---
title: >-
  Publicly accessible Lambda function with a critical vulnerability uses a
  privileged IAM role
description: Datadog, the leading service for cloud-scale monitoring.
breadcrumbs: >-
  Docs > Datadog Security > OOTB Rules > Publicly accessible Lambda function
  with a critical vulnerability uses a privileged IAM role
---

# Publicly accessible Lambda function with a critical vulnerability uses a privileged IAM role

## Description{% #description %}

A misconfigured Lambda execution role contains risky privileges. This Lambda function is also publicly accessible and has one or more critical-severity vulnerabilities. A privileged IAM role attached to a Lambda function can lead to an AWS account compromise or privilege escalation if the underlying vulnerability is exploited. The public accessibility of this Lambda function makes it easier for attackers to exploit.
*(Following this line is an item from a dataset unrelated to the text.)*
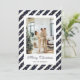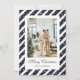 Tarjeta de Navidades fotográficos modernos en azul y blanco con un marco fotográfico en azul y blanco con estrellas y un elegante tipo de letra de guión. Personaliza fácilmente esta tarjeta de Navidades de fotos festivos con tu foto y nombre de familia.

## Remediation{% #remediation %}

1. Reduce the permissions attached to the Lambda execution role using the concept of least-privileged access. You can use [AWS Access Advisor](https://docs.aws.amazon.com/IAM/latest/UserGuide/access_policies_access-advisor.html).
1. Once you identify effective permissions used by your Lambda function, use [AWS IAM Access Analyzer](https://docs.aws.amazon.com/IAM/latest/UserGuide/access-analyzer-policy-generation.html) to generate an IAM policy based on past CloudTrail events.
1. Prioritize and apply security patches or updates to address the identified vulnerabilities. If patches are not available, consider implementing alternative security measures.
1. Evaluate the need for public accessibility of the Lambda function. If unnecessary, modify the function's access settings to restrict public access.